Social Crisis in Capitalist Chile: The October 2019 Protests and the COVID-19 Health Crisis
In recent years, Chilean society has been experiencing the ‘greatest social uprising[s]’ since recovering democracy in the 1990s (Garcés, 2020). This crucial observation contradicts the picture of Chile as a ‘true oasis with a stable democracy’ declared by the Chilean president Sebastián Piñera (Somma et al., 2020). There is a clear connection between the neoliberal socio-economic model inherited from the civic-military dictatorship (1973-1989) that still influences present times, and the current October-19/COVID-19-related social protests. In my presentation, I investigate the ways in which the social protests and the authoritarian repression by the government are represented both in the traditional and in the alternative digital media in Chile.
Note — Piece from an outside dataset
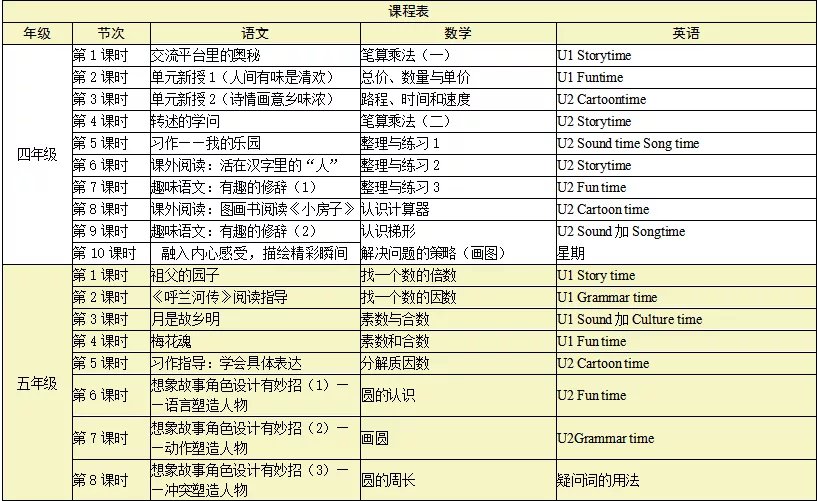 小学4-6年级自主学习安排表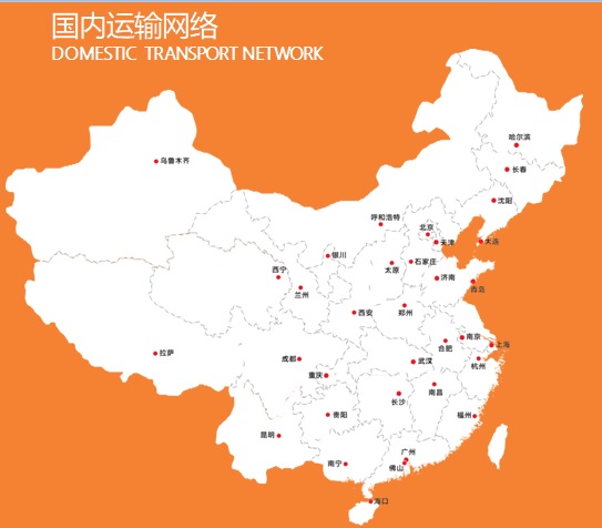 - Nationwide transport network and distribution coverage including the cities of Shanghai,Chengdu,Chongqing,Wuhan,Changsha,Nanjing,Tianjin,Qingdao,Jinan,Changchun,shenyang,Haerbin,Dalian,Guangzhou,Foshan etc.

I will particularly focus on a discourse analysis of several influential Chilean digital media regarding the adverse socio-economic effects of the uninterrupted neoliberal model, the government's political agenda of criminalization of social movements in the face of the October-19 protests, and the current socio-economic conflict surrounding COVID-19.
About the speaker(s)
Juan del Valle Rojas, MA
Juan del Valle Rojas is a PhD candidate at the Graduate School for the Humanities, University of Groningen (Netherlands) and Doctoral Fellow ID: 72180108 from the Becas-Chile Scholarship Program (ANID, Chile). Currently, he is PhD Research Fellow of the Groningen Research Institute for the Study of Culture (ICOG); the Netherlands Research School for Literary Studies (OSL); and the Chilean Association of Researchers on Communication (INCOM). His research lines are Cultural Science, Literary Studies, Educational Science, Communication and Technology Studies, and Intercultural Studies.